Digital audio watermarking has been widely researched and several methods have
been developed for embedding the watermark. This thesis is also a continuation in
the series of digital watermarking publications at the MediaTeam Oulu research
group. The digital watermarking research at MediaTeam has currently two main
topics: image and audio watermarking. The algorithms presented in this thesis are
part of the long-term research of audio watermarking algorithms, and they combine
pseudo-random frequency hopping sequences and spread spectrum synchronization
with removable watermarking and fingerprinting techniques.
Related work in the field has usually concentrated on algorithm details and testing
the algorithm performance. This work also presents a fully functional system for
mobile audio distribution utilizing watermarking and fingerprinting techniques. This
allowed test users to try out the system and give their valuable opinion. Related work
on removable watermarking has mainly concentrated on digital image watermarking,
while this work combines audio watermarking with removable watermarking
techniques.
The industry has been very interested in the algorithms developed in this study,
and a local company has bought the rights to apply for a patent for the invention of
transforming the audible noise into an inaudible fingerprint. This proves the
significance of this work to the industry.

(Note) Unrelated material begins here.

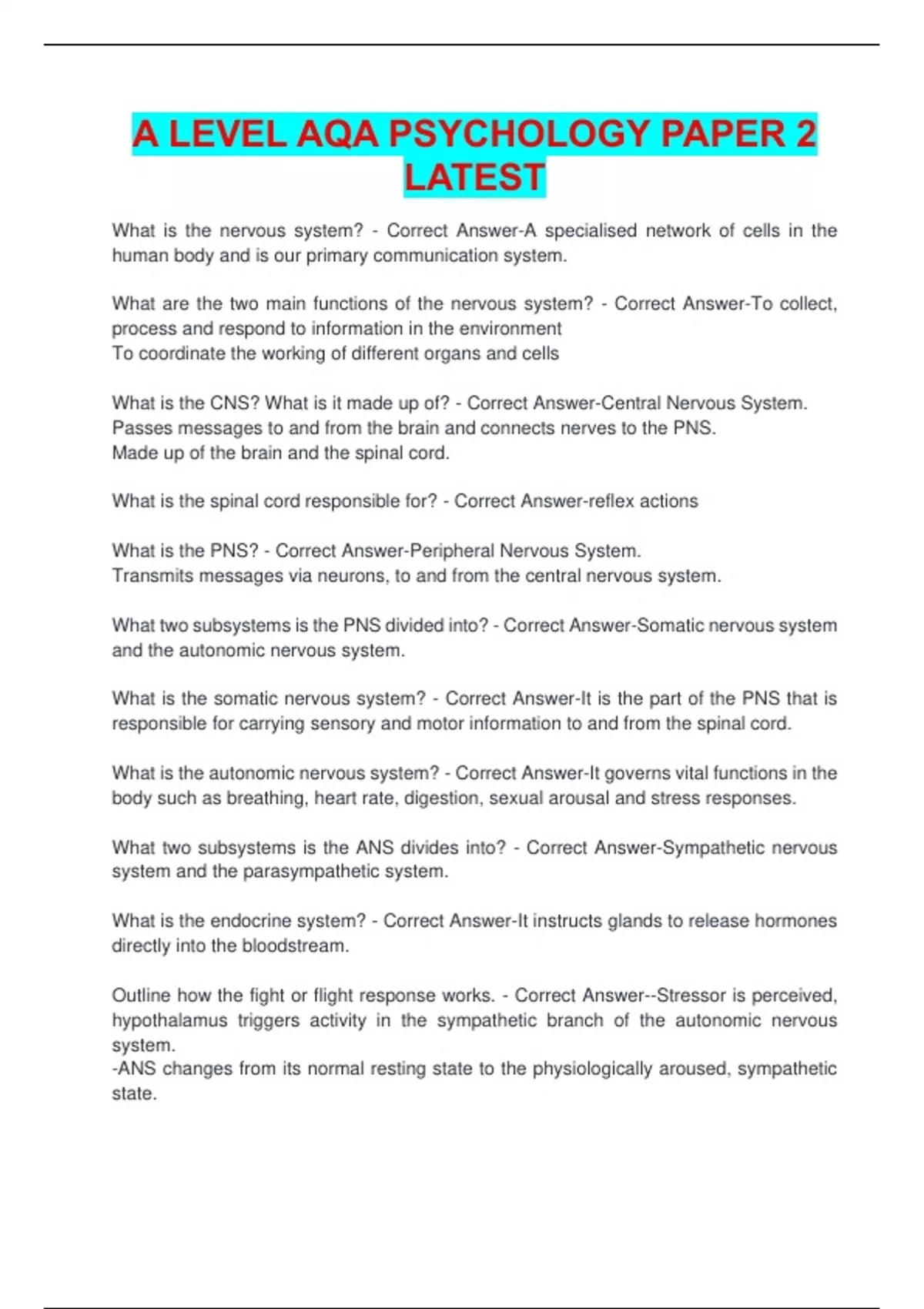 A LEVEL AQA PSYCHOLOGY PAPER 2
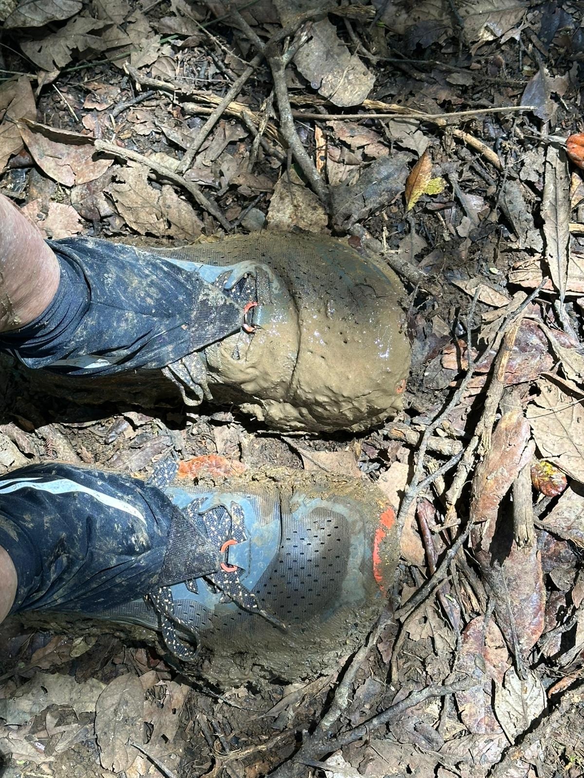 Danach ging es richtig los: Alles war rutschig, matschig, steil rauf und runter. Regina und Tino träumten schon von Lasagne, Pizza und Bier. Ich betonte zwar immer wieder, dass es nicht mehr weit sei – war es aber! Der Wald an sich war wunderschön, fast wie ein Urwald. Mystisch bei dem feuchten Wetter, das die Pflanzen, Moose und Flechten sichtlich lieben. Man sah kaum Spuren menschlichen Eingreifens. Ein kleiner Fluss schlängelte sich neben unserem immer schmaler werdenden Pfad. Als wir ihn durchqueren mussten, war es eine willkommene Gelegenheit, die total matschigen Schuhe und Socken abzuspülen.

Also because the results of this work show a
clear and significant improvement over the previous version of the algorithm, a new
paper based on this thesis will be submitted to a conference as well.
The interested response of the industry opens up many directions for future
research. The algorithms could be improved in many ways. From the user point of
view, the sound quality of the watermark in the music file previews should be
optimized to be at the exact level where it would not be too disturbing, but still make
long-term listening uncomfortable. Also, the fingerprint watermark is still not perfect
in terms of robustness and inaudibility. The robustness against the pitch attack could
be improved by embedding the signal wider in the frequency band. That way, the
modifications in the audio frequency would not destroy the watermark so easily.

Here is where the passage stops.